W Brukseli trwa szczyt Unii Europejskiej, w trakcie którego może zostać wyłoniony nowy szef Komisji Europejskiej. Choć wedle wszelkich doniesień dotychczasowy wiceszef KE miał mieć największe szanse na uzyskanie stanowiska, jego pozycja znacznie osłabła.

Portal dorzeczy.pl dowiedział się od osób biorących udział w szczycie, że szanse Timmermansa na fotel szefa Komisji znacznie osłabły. Co więcej – to dzięki zdecydowanym działaniom premiera Mateusza Morawieckiego.

Rozmówca portalu stwierdził, że przed rozpoczęciem szczytu Timmermans miał 90-95 proc. szans, jednak:

Popołudnie i seria spotkań organizowanych przez premiera Morawieckiego w ramach grupy V4 zmieniło wszystko”

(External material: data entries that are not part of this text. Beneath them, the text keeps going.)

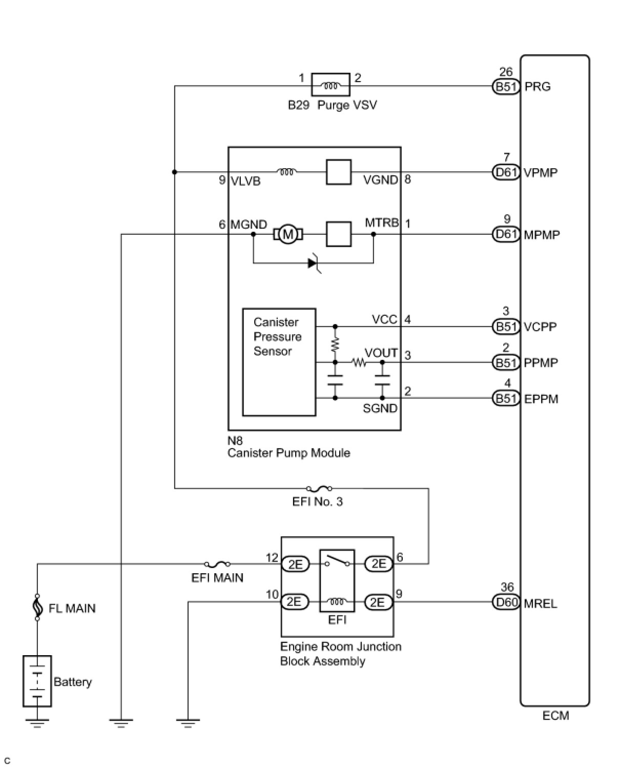 The leak detection pump creates negative pressure (vacuum) in the EVAP system, and the pressure is measured. Finally, the ECM monitors for leaks from the EVAP system and malfunctions in both the canister pump module and purge VSV, based on the EVAP pressure.
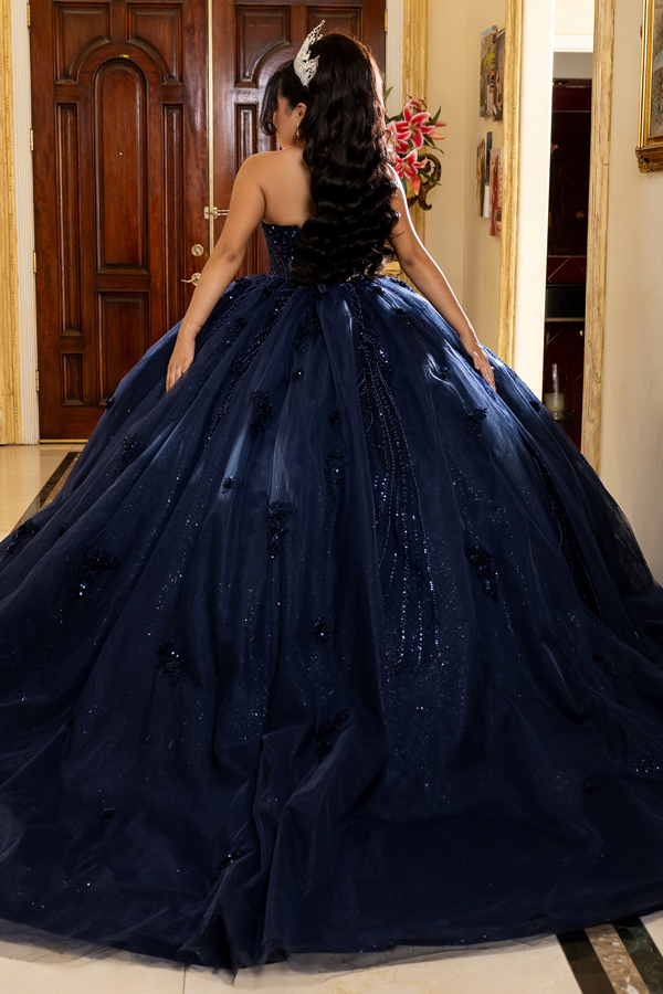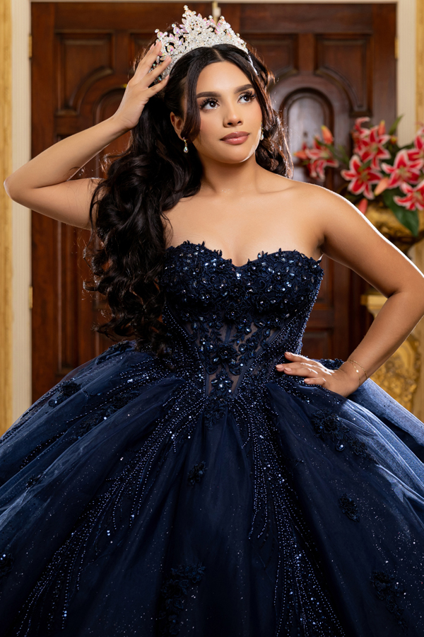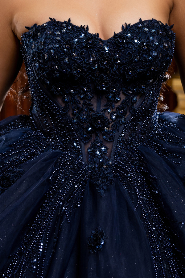 Color: NAVY Size:- Sweetheart Jewel/Pearl Embellished Ball Gown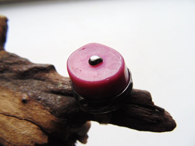 Pierścionek wykonany techniką witrażową z koralowca w kolorze fuksji. Obrączka posrebrzana, regulowana. Średnica ok. 2 cm.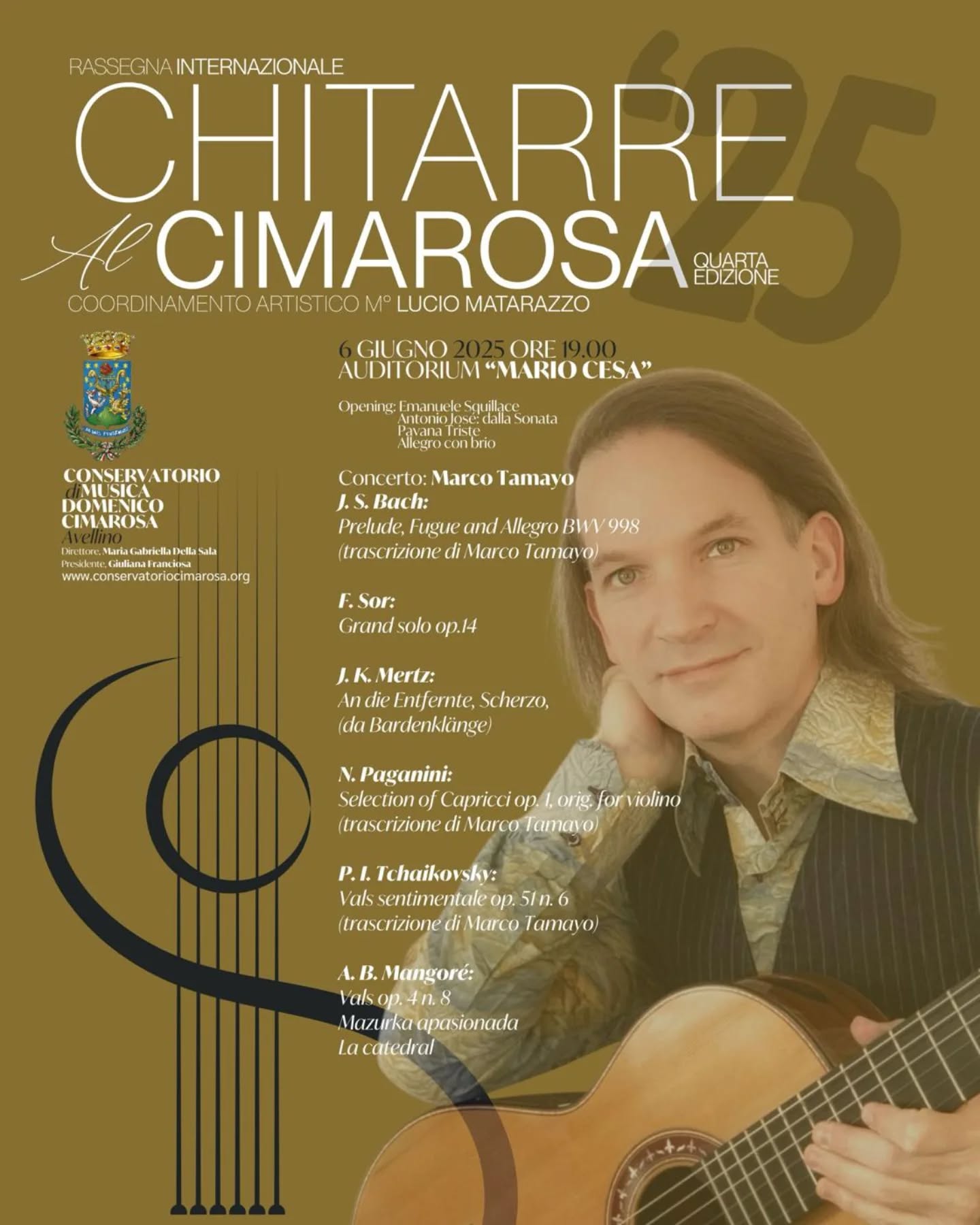 Protagonista della serata sarà Marco Tamayo, leggenda della chitarra classica, con un programma d’eccezione che attraversa secoli e stili: da J.S. Bach a Paganini, da Tchaikovsky a Mangoré, in un viaggio virtuosistico tra trascrizioni originali e grandi capolavori per chitarra.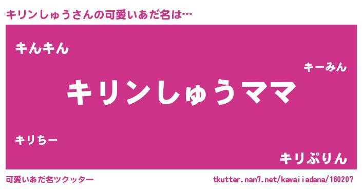 | 恥ずかしいあだ名 | 『キリちん』『プリティーキリンしゅう』 |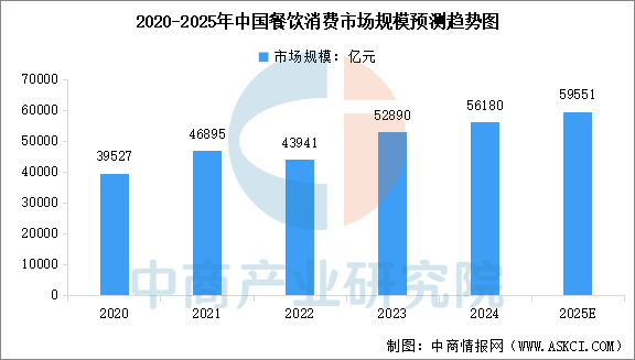 隨著消費者外食習慣普及及外賣服務(wù)滲透率提升,餐飲市場總體保持穩(wěn)步擴張態(tài)勢。中商產(chǎn)業(yè)研究院發(fā)布的《2025-2030年中國餐飲行業(yè)市場調(diào)查及研究預(yù)測報告》顯示,中國餐飲消費市場規(guī)模由2020年的39527億元增長至2024年的56180億元,復(fù)合年均增長率達9.2%。中商產(chǎn)業(yè)研究院分析師預(yù)測,2025年中國餐飲消費市場規(guī)模將達到59551億元。

- mówi portalowi osoba z otoczenia premiera Morawieckiego.

W rozmowach z polską delegacją uczestniczyła zarówno kanclerz Niemiec Angela Merkel, prezydent Francji Emmanuel Macron czy włoski premier Giuseppe Conti. Morawiecki rozmawiał też z premierem Chorwacji, a polska delegacja kontaktowała się z delegacją Bułgarii.

Według nieoficjalnych informacji PAP – wszystkie państwa Grupy Wyszehradzkiej są przeciwne kandydaturze Fransa Timmermansa. Rozmówca portalu uważa, że obecnie kandydatura byłego wiceszefa KE „wydaje się nierealna”. Podkreśla, że wszystko to jest wynikiem zdecydowanej postawy premiera oraz całej V4. Timmermans według niego na 90 proc. nie zostanie szefem Komisji.

Z kolei Katarzyna Szymańska-Borginon, korespondentka RMF FM, napisała na swoim twitterze:

Nieoczekiwanie topnieją szanse Timmermansa na szefa KE. Poza kanclerz Angelą Merkel na szczycie EPL - nikt go nie bronił. Donald Tusk miał podobno kwaśną minę... „.